== Segment start ==

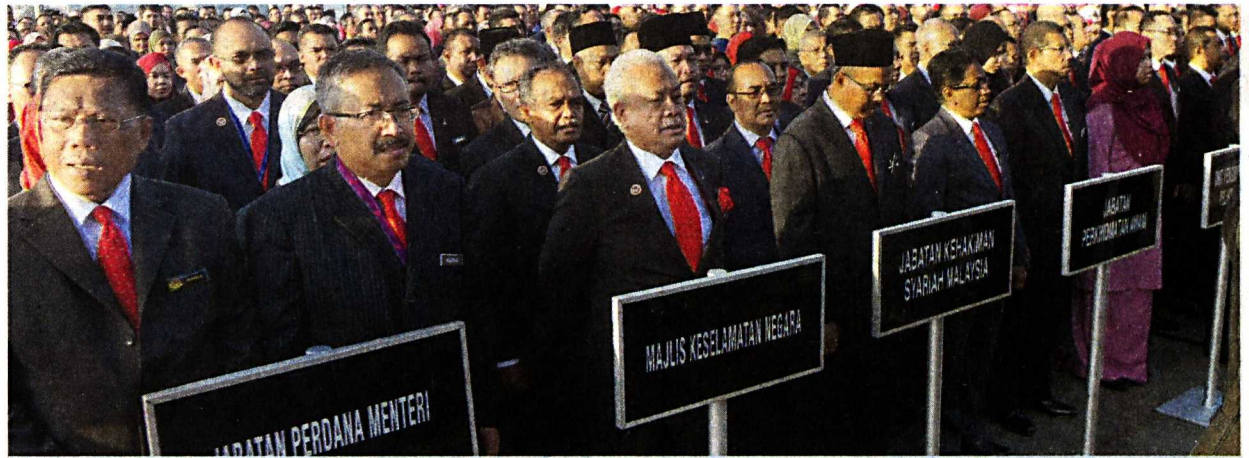
PERANCANGAN hebat dalam Bajet 2018 tidak akan memberi impak kepada rakyat andai penjawat awam tidak mampu melaksanakan amanah mereka dengan berkesan. - GAMBAR HIASAN/BERNAMA

Malah cuti rehat Pegawai Perkhidmatan Pendidikan juga dinaikkan daripada tujuh hari kepada 10 hari di samping kemudahan tujuh hari cuti tanpa rekod bagi menunaikan umrah serta penambahan satu lagi waktu kerja berperingkat iaitu bermula jam 9 pagi
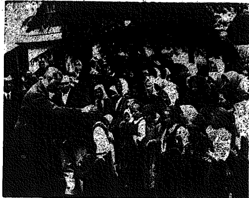
Wojewoda krakowski wśród ludności spiskiej.

Taki jest epilog nocy, epilog pierwszego aktu dramatu, który przeżył się na scenie pałacu burbońskiego. Pozostaje pałac luksemburski, czyli scena senatu, na której rozegra się akt drugi. Ze strony senatu nie należy oczekiwać posunięć zbyt śmiałych, mimo to dalszego trwania gabinetu Bluma nie należy uważać za wzmożone.
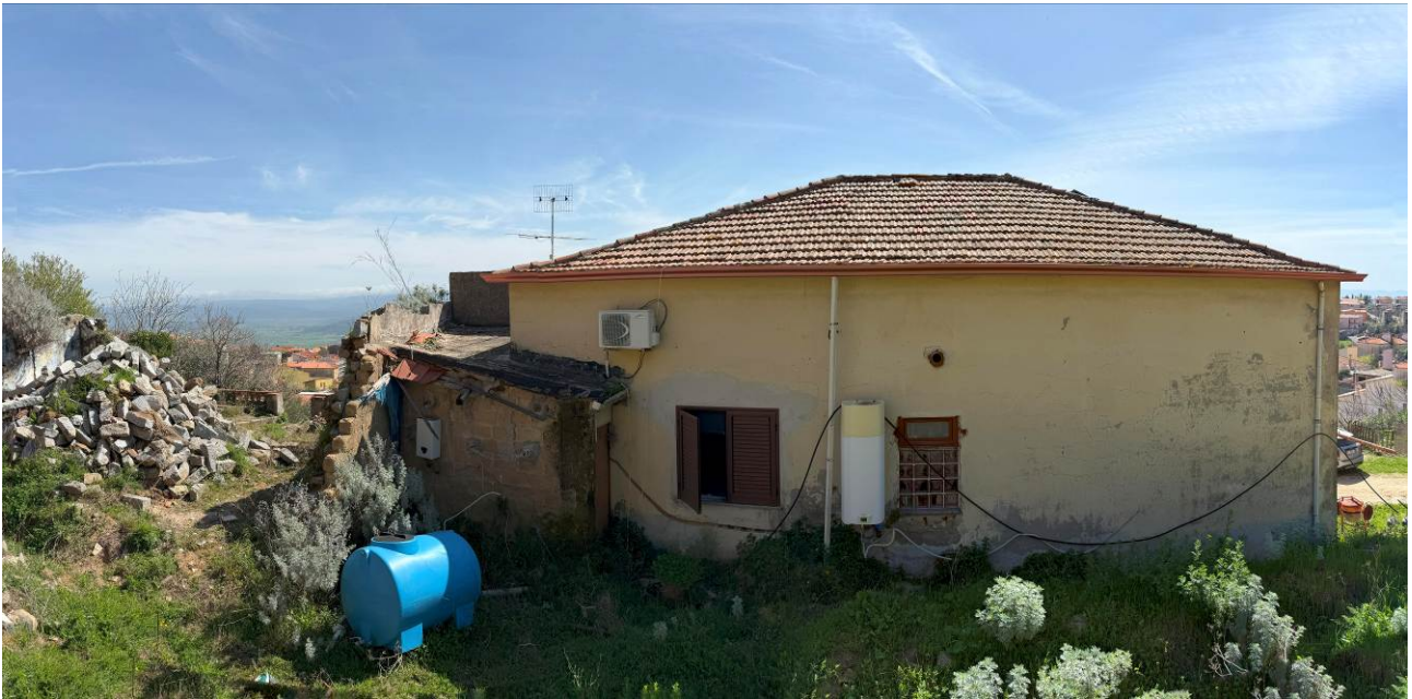
↪ Foto 3, vista esterna immobile, dalla via Papa Giovanni XXIII
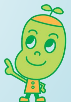
マスコットキャラクター「じょうとうくん」

信頼と敬意に基づき、互いに認め合い、学び合う 中で主体的に自らの能力を伸ばす学校
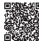
micro Rhombus PL

In den Kellermann micro Rhombus PL ist, wie schon bei den Kellermann micro Rhombus LED Blinkern, die bewährte Long Life Protection Guard Schaltung® integriert. Diese sorgt in Verbindung mit den Hochleistungs-Marken-LEDs für eine extrem hohe Lebensdauer. Ein Auswechseln des Leuchtmittels ist somit nicht erforderlich und aus zulassungstechnischen Gründen auch nicht möglich.
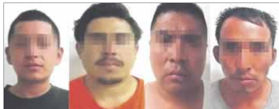
Estos sujetos mataron a un niño y violaron a dos mujeres en un asalto en la autopista México-Puebla, en mayo pasado.
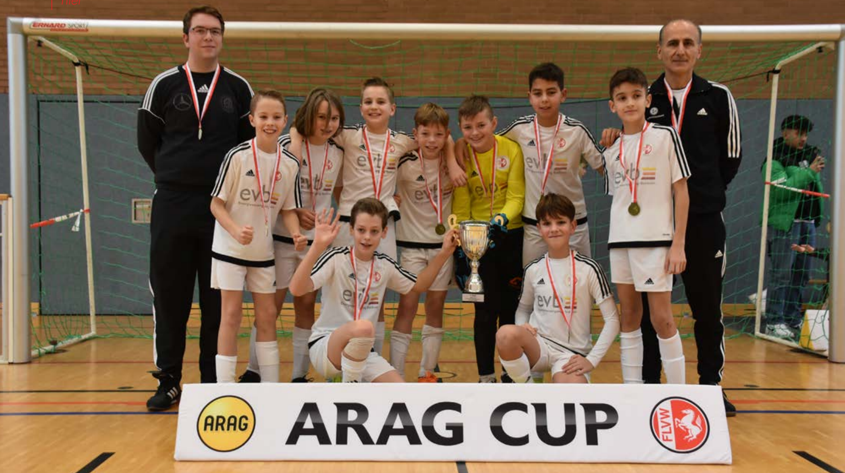
Souveräner Sieger der Quali-Runde beim ARAG Cup 2023: Der Stützpunkt Beckum
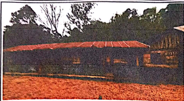
Foto1: Se observa Deterioro en el Techo y forro de la cocina
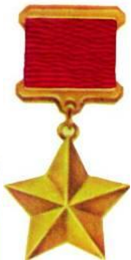
Звезда Героя Советского Союза
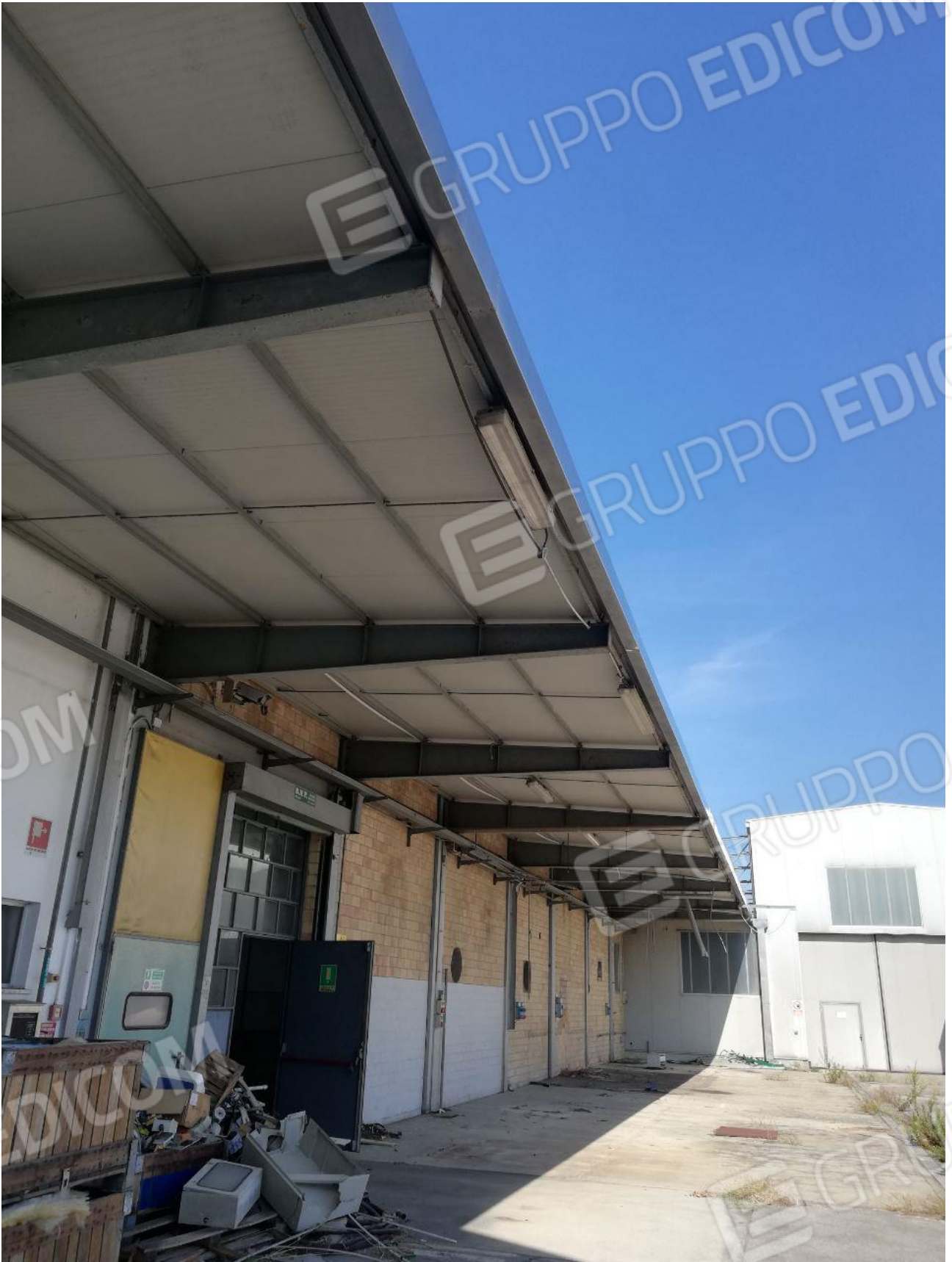
Figura 11 FOGLIO 103 MAPPALE 257

== Segment end ==

Reproduce every entry word for word, but skip any pictures.

Exercise solution:
PERANCANGAN hebat dalam Bajet 2018 tidak akan memberi impak kepada rakyat andai penjawat awam tidak mampu melaksanakan amanah mereka dengan berkesan. - GAMBAR HIASAN/BERNAMA

Malah cuti rehat Pegawai Perkhidmatan Pendidikan juga dinaikkan daripada tujuh hari kepada 10 hari di samping kemudahan tujuh hari cuti tanpa rekod bagi menunaikan umrah serta penambahan satu lagi waktu kerja berperingkat iaitu bermula jam 9 pagi
Wojewoda krakowski wśród ludności spiskiej.

Taki jest epilog nocy, epilog pierwszego aktu dramatu, który przeżył się na scenie pałacu burbońskiego. Pozostaje pałac luksemburski, czyli scena senatu, na której rozegra się akt drugi. Ze strony senatu nie należy oczekiwać posunięć zbyt śmiałych, mimo to dalszego trwania gabinetu Bluma nie należy uważać za wzmożone.
↪ Foto 3, vista esterna immobile, dalla via Papa Giovanni XXIII
マスコットキャラクター「じょうとうくん」

信頼と敬意に基づき、互いに認め合い、学び合う 中で主体的に自らの能力を伸ばす学校
micro Rhombus PL

In den Kellermann micro Rhombus PL ist, wie schon bei den Kellermann micro Rhombus LED Blinkern, die bewährte Long Life Protection Guard Schaltung® integriert. Diese sorgt in Verbindung mit den Hochleistungs-Marken-LEDs für eine extrem hohe Lebensdauer. Ein Auswechseln des Leuchtmittels ist somit nicht erforderlich und aus zulassungstechnischen Gründen auch nicht möglich.
Estos sujetos mataron a un niño y violaron a dos mujeres en un asalto en la autopista México-Puebla, en mayo pasado.
Souveräner Sieger der Quali-Runde beim ARAG Cup 2023: Der Stützpunkt Beckum
Foto1: Se observa Deterioro en el Techo y forro de la cocina
Звезда Героя Советского Союза
Figura 11 FOGLIO 103 MAPPALE 257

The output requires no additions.